PROBLEM DETAILS: Return each line of the data below that contains the string "This".

(EXERCISE INPUT Opens)

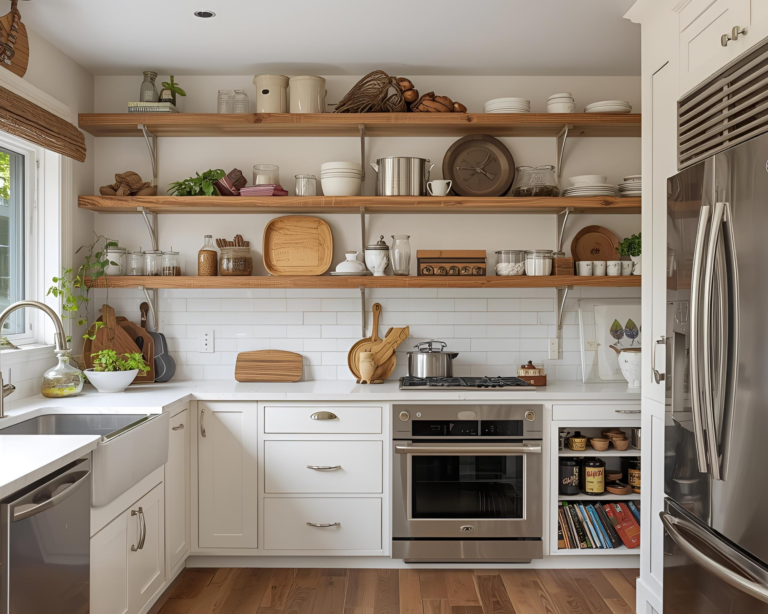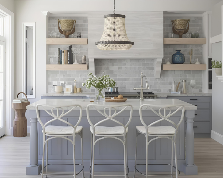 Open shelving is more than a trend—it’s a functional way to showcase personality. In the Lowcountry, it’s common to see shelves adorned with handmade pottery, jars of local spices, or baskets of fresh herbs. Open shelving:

(EXERCISE INPUT Closes)
(EXERCISE INPUT Opens)

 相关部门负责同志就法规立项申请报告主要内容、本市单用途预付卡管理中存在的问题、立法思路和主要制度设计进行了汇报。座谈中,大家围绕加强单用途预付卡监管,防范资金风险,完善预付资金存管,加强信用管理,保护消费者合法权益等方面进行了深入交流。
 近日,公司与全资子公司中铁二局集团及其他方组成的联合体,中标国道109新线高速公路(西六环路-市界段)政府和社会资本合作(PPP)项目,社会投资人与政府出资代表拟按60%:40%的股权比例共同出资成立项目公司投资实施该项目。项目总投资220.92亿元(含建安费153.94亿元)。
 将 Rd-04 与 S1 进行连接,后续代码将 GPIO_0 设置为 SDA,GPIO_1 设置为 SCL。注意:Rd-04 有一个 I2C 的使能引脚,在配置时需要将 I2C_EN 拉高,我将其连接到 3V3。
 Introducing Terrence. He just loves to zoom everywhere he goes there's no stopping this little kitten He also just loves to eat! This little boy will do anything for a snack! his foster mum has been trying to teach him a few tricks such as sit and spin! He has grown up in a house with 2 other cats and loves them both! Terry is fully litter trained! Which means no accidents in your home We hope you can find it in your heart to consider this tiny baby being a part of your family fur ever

(EXERCISE INPUT Closes)
(EXERCISE INPUT Opens)

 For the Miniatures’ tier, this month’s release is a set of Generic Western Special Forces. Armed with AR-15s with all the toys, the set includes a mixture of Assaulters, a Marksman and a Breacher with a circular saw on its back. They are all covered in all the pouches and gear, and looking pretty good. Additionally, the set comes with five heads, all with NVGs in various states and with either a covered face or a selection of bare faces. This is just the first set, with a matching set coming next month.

(EXERCISE INPUT Closes)

EXPECTED ANSWER:
 Introducing Terrence. He just loves to zoom everywhere he goes there's no stopping this little kitten He also just loves to eat! This little boy will do anything for a snack! his foster mum has been trying to teach him a few tricks such as sit and spin! He has grown up in a house with 2 other cats and loves them both! Terry is fully litter trained! Which means no accidents in your home We hope you can find it in your heart to consider this tiny baby being a part of your family fur ever
 For the Miniatures’ tier, this month’s release is a set of Generic Western Special Forces. Armed with AR-15s with all the toys, the set includes a mixture of Assaulters, a Marksman and a Breacher with a circular saw on its back. They are all covered in all the pouches and gear, and looking pretty good. Additionally, the set comes with five heads, all with NVGs in various states and with either a covered face or a selection of bare faces. This is just the first set, with a matching set coming next month.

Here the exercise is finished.